Il disturbo di panico: cos’è e come si presenta

Il disturbo di panico: cos’è e come si presenta

Il disturbo di panico è una forma di ansia intensa, che si manifesta con una serie di reazioni fisiologiche dell’organismo, come la produzione da parte delle ghiandole surrenali di maggiori quantità di ormoni, principalmente adrenalina.
Di fronte ad una situazione di pericolo che deve essere superata, il corpo ha bisogno di un integratore energetico per aumentare il tono muscolare e dare slancio alla respirazione e al battito cardiaco. Ora, più sangue si accumula nel cervello, nei muscoli e nei polmoni e più potere si avrà per resistere ad un attacco fisico, un incidente o una catastrofe naturale.
Gli attacchi di panico possono verificarsi in qualsiasi ora del giorno o della notte e possono durare da pochi secondi a un’ora; la frequenza varia da diverse settimane a più volte al giorno.
Durante gli attacchi di panico a causa di uno stato di ipersensibilità, la paura, si avverte una tensione intorno al collo, alla schiena ed è possibile che si verifichino episodi di diarrea acuta.
Quali sintomi dovrebbero metterci in guardia?
Le reazioni specifiche avvengono nel sistema nervoso, nell’apparato digerente e cardiovascolare.
La sensazione di paura include: attacchi di tristezza acuta, disperazione, preoccupazione per gli altri, incapacità di adattarsi, tremori, vertigini, brividi, vampate di calore, insonnia, mancanza di concentrazione, depressione, allucinazioni, incubi, pensieri oscuri.
A livello cardiovascolare viene registrata alta pressione sanguigna, palpitazioni cardiache, battito cardiaco accellerato, convulsioni, dolore al cuore.
A livello digestivo vengono registrate: richieste di defecazione urgente, salivazione intensa, secchezza della bocca, indigestione, dolore addominale, gonfiore addominale, perdita di appetito.
Nelle donne si verificano cambiamenti mestruali e dolori acuti premestruali.
Sintomi cumulativi che possono essere menzionati:

– respiro affannoso
– mani sudate
– prurito o intorpidimento alle mani e ai piedi
– crampi e movimenti muscolari involontari
– stato di claustrofobia (paura del buio) e agorafobia (paura della folla)
– percezione errata del passaggio del tempo
– perdita di ogni speranza per il futuro
– sensazione di morte imminente e tendenza al suicidio.

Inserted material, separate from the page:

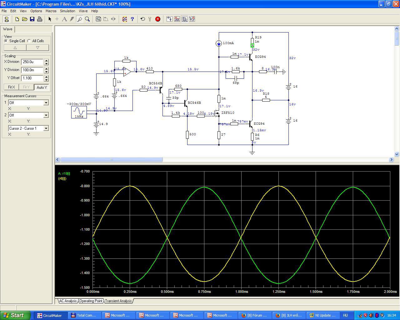Idézet: „De van egy olyan aggályom ezzel a JLH-val kapcsolatban, ha ezt megépítik mondjuk százan, akkor az a száz végfok százféleképpen fog szólni. A legjobban sikerült valószínűleg olyan lesz, mint amit Komáromi Zsombor leírt, hogy a hangok kilépnek a dobozból és a zene szárnyalni kezd. A legrosszabbul sikerült viszont esetleg sziszegős, torz, rikácsolós, hallgathatatlan. A maradék 98 pedig valahol a kettő között fog elhelyezkedni. Azt gondolom, ez a végfok inkább hangszer, mint gép. Műszerek kellenek hozzá, fül kell hozzá, türelem kell hozzá, jó alkatrészek kellenek, jó tápegység, jó nyákterv és rengeteg idő mire "behangolja" az ember a saját rendszeréhez.” Ebben valószínűleg igazad van, bár nem hiszem, hogy ezek után lesz valaki rajtam kívül akit ez a kapcsolás komolyan érdekel . Ha mégis akkor fel lehet hívni a figyelmet a kapcsolás érzékenységére. (Nem gondoltam ennyire problémásnak a dolgot - ebből is látszik, hogy mennyire nem értek hozzá).Idézet: „A KZs-féle szimmetrizálást roppant szellemesnek tartom, de a maga a kapcsolás szerintem teljesen átgondolatlan.” Csak, hogy tisztázzuk: Csak az én MOSFET meghajtós változatomat tartod átgondolatlannak (ezt el tudom fogadni ) vagy KZs félét is ahol a meghajtó tranzisztor bipoláris?Idézet: „A legnagyobb problémát a rossz hatásfokában látom, mert 84W disszipáció mellett kevés a kivehető 3W kimeneti teljesítmény (nem számoltam még ennek utána, csak írtam valamit).” Van az talán 13 W is (600 Ohmos bemeneti és 6 Ohmos terhelő impedancia mellett) . Ez mondjuk engem annyira nem zavar, az eredeti JLH sem egy "izompacsirta". Viszont ez a teljesítmény úgy ennyi, hogy a TINA egyformának veszi a végtranzisztorok bétáját, ha KZs. ajánlását figyelembe veszem akkor a kivezérelhetőség valamelyest növelhető.Idézet: „A felső végtranzisztoron folyó áram ugyanis terhelésfüggő (első két kép). Csakis akkor lesz a terhelésre szimmetrikus a két végtranzisztor ha a nagyjelű erősítő munkaellenállását áramgenerátorra cseréljük, vagy megtartjuk a JLH-féle utánhúzó kondit.... ez utóbbival lenne legnagyobb a kivezérelhetőség is. Ez a kapcsolás ki volt már egyszer találva és elég jól. De ha azt mondjuk, hogy az utánhúzás ront a hangon, áramgenerátorral is ki lehet próbálni. Ez lesz az első két ki-bedugdosós "öcsi panel"” Ha jól értettem a cikket KZs. mindkettőt elvetette és helyette a végtranzisztor párok bétáinak különbözőségével próbálta elérni a nagyobb kivezérelhetőséget, amit aztán a TINA-ban modellezett is. Az utánhúzó kondi és az áramgenerátor után ez a 3. talán legnehezebben kivitelezhető verzió. Sajnos nem tudom hogyan kell a TINA félvezető modelljében átállítani a bétát. Az ajánlott kompenzálással most nekem is stabil.

Un caso particolare è l’agorafobia, una malattia che è diventata abbastanza comune, in cui alcuni soggetti hanno paura di luoghi pubblici affollati (negozi, ristoranti, teatri, chiese, strade ad alto traffico). In questo caso, il soggetto si rifiuta di uscire di casa, l’unico posto in cui si sente al sicuro; ciò porta all’isolamento sociale che influisce poi sulle relazioni con i colleghi, gli amici e anche i membri della famiglia, aumentando il rischio di tendenza al suicidio e ad auto-distruggersi.
Il soggetto non può far fronte alle attività quotidiane e nello sforzo di alleviare i sintomi, cerca riparo nell’alcool, fumo, consumo eccessivo o incontrollato di droghe chimiche, pensiero orientato verso il suicidio.